Sunday, June 18, 2006

End of an Era

I have let my subscription to TV Guide lapse. I first subscribed over 36 years ago, when I got the first television of my very own, a 12" black and white portable. (I think it's still working. I gave it to a friend of mine when I got my second TV, a 19" color set. She's blind, and doesn't use it, but she has it around just in case a visitor wants to watch something.) I have continued the subscription pretty much continually ever since then--though I remember one period when I didn't renew, because it was being delivered too late. I just bought it at the supermarket.

There are two reasons why I no longer find it useful. First of all, it doesn't tell me what's on. With the advent of cable television, TV Guide was no longer able to provide complete listings. They did try. They published separate editions for each cable system, at least here in New York. But there still wasn't enough space for all of the minor channels.

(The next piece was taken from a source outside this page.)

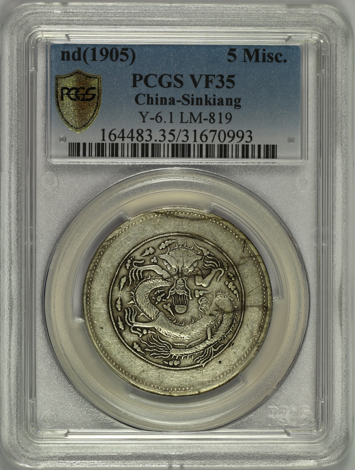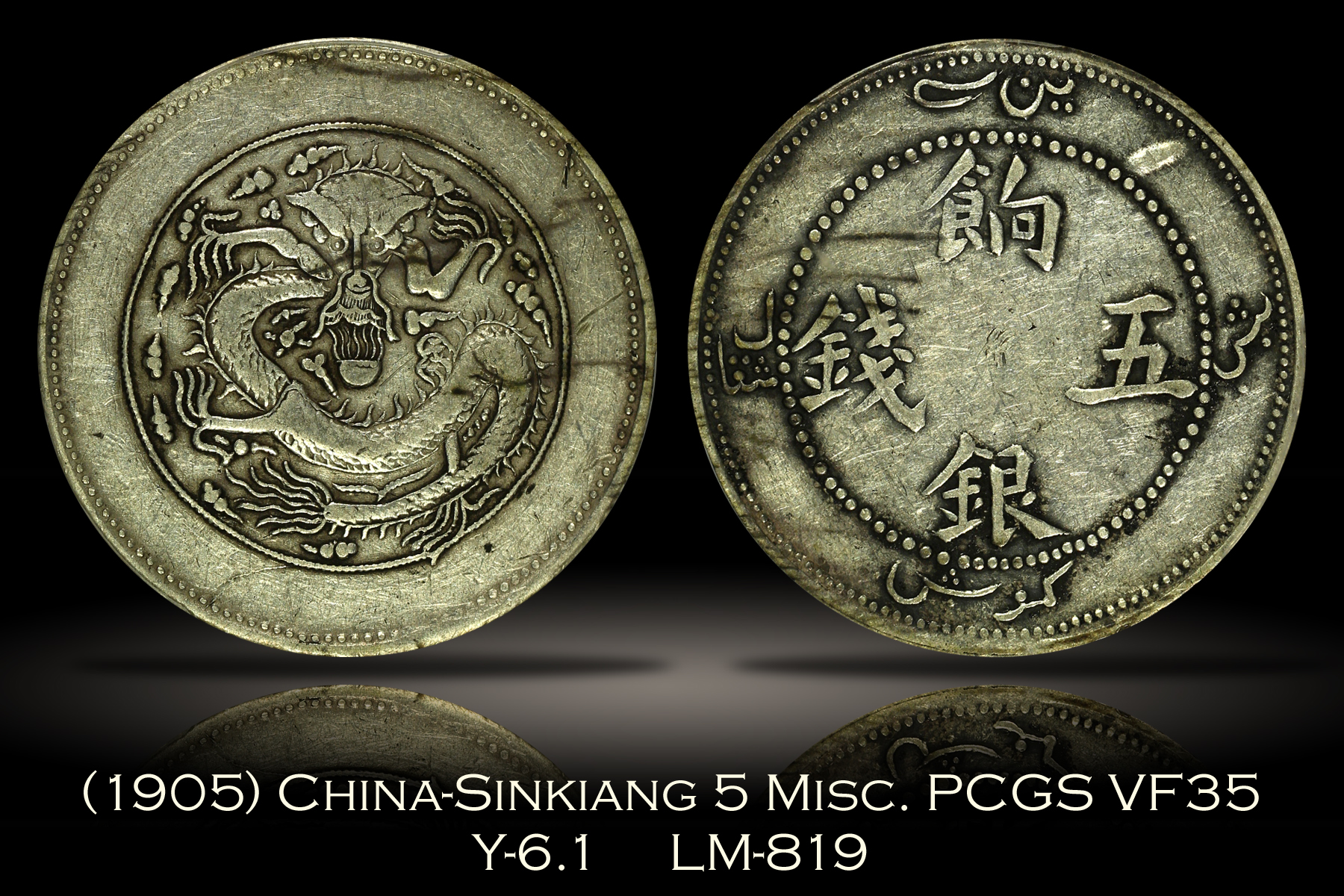 1905 China Sinkiang 5 Misc Y-6.1 LM-819 PCGS VF35
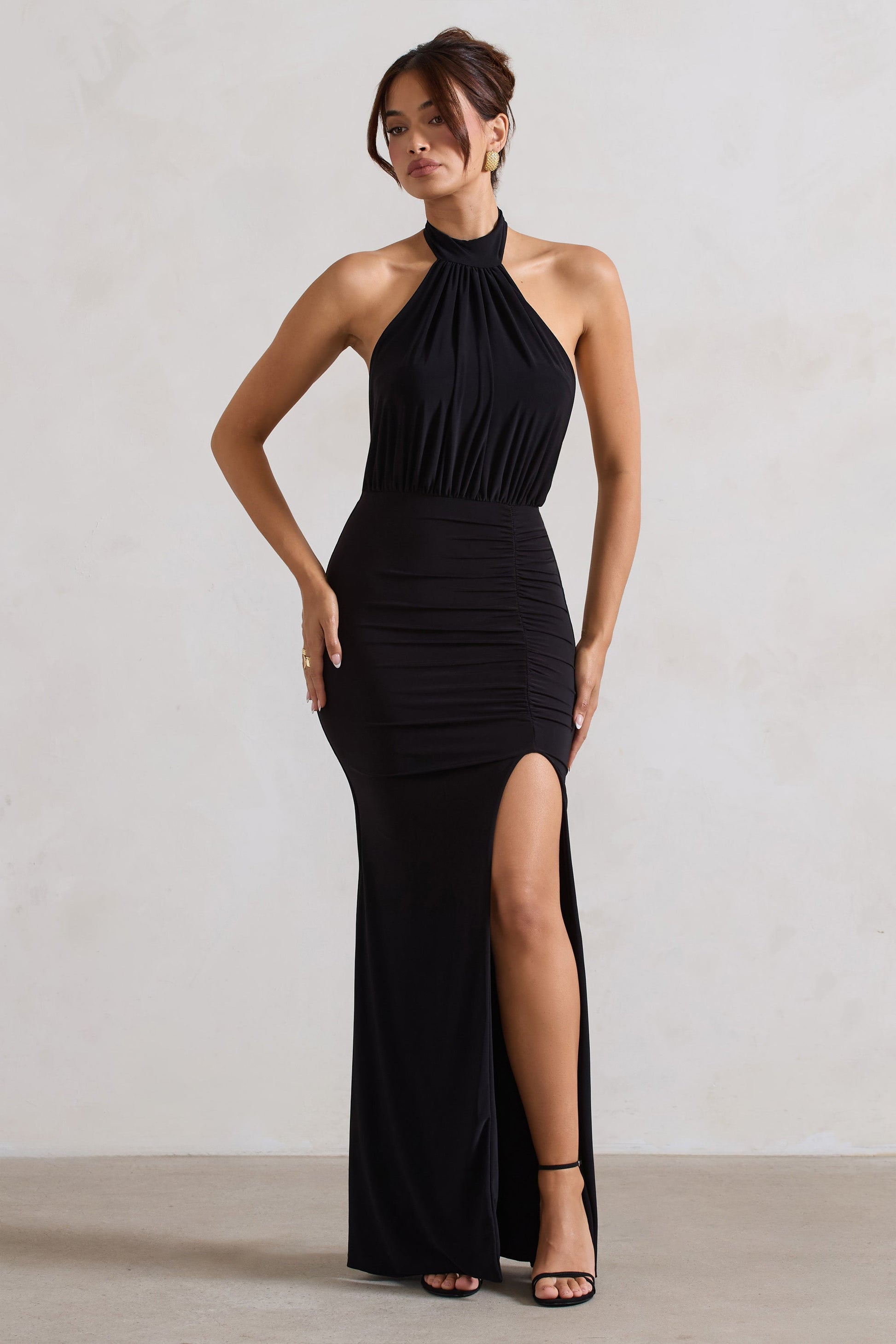 Forever Dreaming | Black Backless Halter Neck Ruched Split Maxi Dress

Now they've given up, in favor of their online guide. But even there, they don't give detailed listings for things like the local access channels. These are available on the on-screen guide from the cable company itself--which has made all external guides pretty much redundant. The only reason I go to the online TV Guide is because it is much easier to do a search there than on the television.

Still, the hard-copy TV guide has a lot of articles about various shows--which I never read. Why? because of the second reason I'm not renewing my subscription: I just don't watch that much TV any more. There are no series I keep up with--not even the ones on HBO, that I did for a while. We do like to watch some of the Masterpiece Theatre and Mystery! programs on PBS. But otherwise the only time I have the TV on is to watch a recorded movie or for very specific shows: a sports event here, an awards show there, occasionally a documentary of some sort--though my wife watches more of them than I do.

So a TV Guide subscription has become rather useless, one more thing to stuff the mailbox and clutter up the apartment. I used to be a huge TV fan, watching dozens of hours a week, keeping two VCRs busy. Now, I doubt I average even an hour a day, not counting recorded movies. It is the end of an era.